## STUDY MATERIAL
▬▬▬
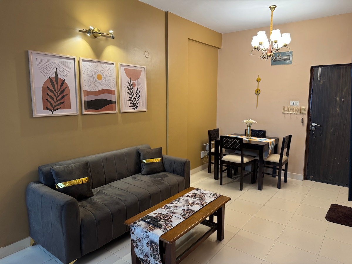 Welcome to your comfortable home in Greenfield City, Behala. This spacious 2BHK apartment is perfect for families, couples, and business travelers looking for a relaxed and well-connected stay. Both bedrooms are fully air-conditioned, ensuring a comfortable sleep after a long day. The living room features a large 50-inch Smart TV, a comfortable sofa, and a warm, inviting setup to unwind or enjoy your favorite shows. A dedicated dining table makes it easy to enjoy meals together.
▬▬▬
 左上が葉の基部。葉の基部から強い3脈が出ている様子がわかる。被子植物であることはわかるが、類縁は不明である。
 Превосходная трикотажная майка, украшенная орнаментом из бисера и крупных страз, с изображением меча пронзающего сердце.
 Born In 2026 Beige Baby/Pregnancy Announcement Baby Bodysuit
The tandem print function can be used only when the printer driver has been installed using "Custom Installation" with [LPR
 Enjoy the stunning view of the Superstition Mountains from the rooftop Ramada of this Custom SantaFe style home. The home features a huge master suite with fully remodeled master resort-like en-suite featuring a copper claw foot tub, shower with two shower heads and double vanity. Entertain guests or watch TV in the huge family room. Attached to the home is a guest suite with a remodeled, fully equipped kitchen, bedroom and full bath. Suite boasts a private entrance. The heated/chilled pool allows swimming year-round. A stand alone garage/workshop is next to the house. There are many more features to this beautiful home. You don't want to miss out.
▬▬▬
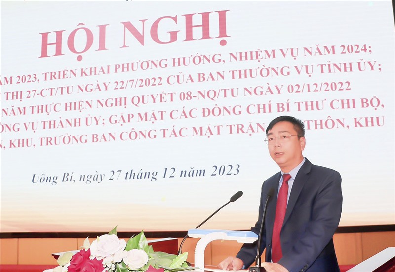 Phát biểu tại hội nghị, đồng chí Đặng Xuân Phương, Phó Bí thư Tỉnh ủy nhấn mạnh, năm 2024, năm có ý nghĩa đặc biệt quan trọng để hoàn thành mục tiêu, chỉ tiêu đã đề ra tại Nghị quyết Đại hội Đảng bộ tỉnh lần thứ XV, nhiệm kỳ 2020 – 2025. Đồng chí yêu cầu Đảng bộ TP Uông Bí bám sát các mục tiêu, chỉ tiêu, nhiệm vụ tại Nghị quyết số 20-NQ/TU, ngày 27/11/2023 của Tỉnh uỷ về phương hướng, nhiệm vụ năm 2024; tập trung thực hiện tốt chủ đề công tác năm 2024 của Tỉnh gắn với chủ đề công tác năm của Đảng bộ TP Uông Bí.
▬▬▬
## DIRECTIONS FOR THIS TASK
All lines in the records above that contain "with" are to be reported.

## SOLUTION BELOW
The tandem print function can be used only when the printer driver has been installed using "Custom Installation" with [LPR
 Enjoy the stunning view of the Superstition Mountains from the rooftop Ramada of this Custom SantaFe style home. The home features a huge master suite with fully remodeled master resort-like en-suite featuring a copper claw foot tub, shower with two shower heads and double vanity. Entertain guests or watch TV in the huge family room. Attached to the home is a guest suite with a remodeled, fully equipped kitchen, bedroom and full bath. Suite boasts a private entrance. The heated/chilled pool allows swimming year-round. A stand alone garage/workshop is next to the house. There are many more features to this beautiful home. You don't want to miss out.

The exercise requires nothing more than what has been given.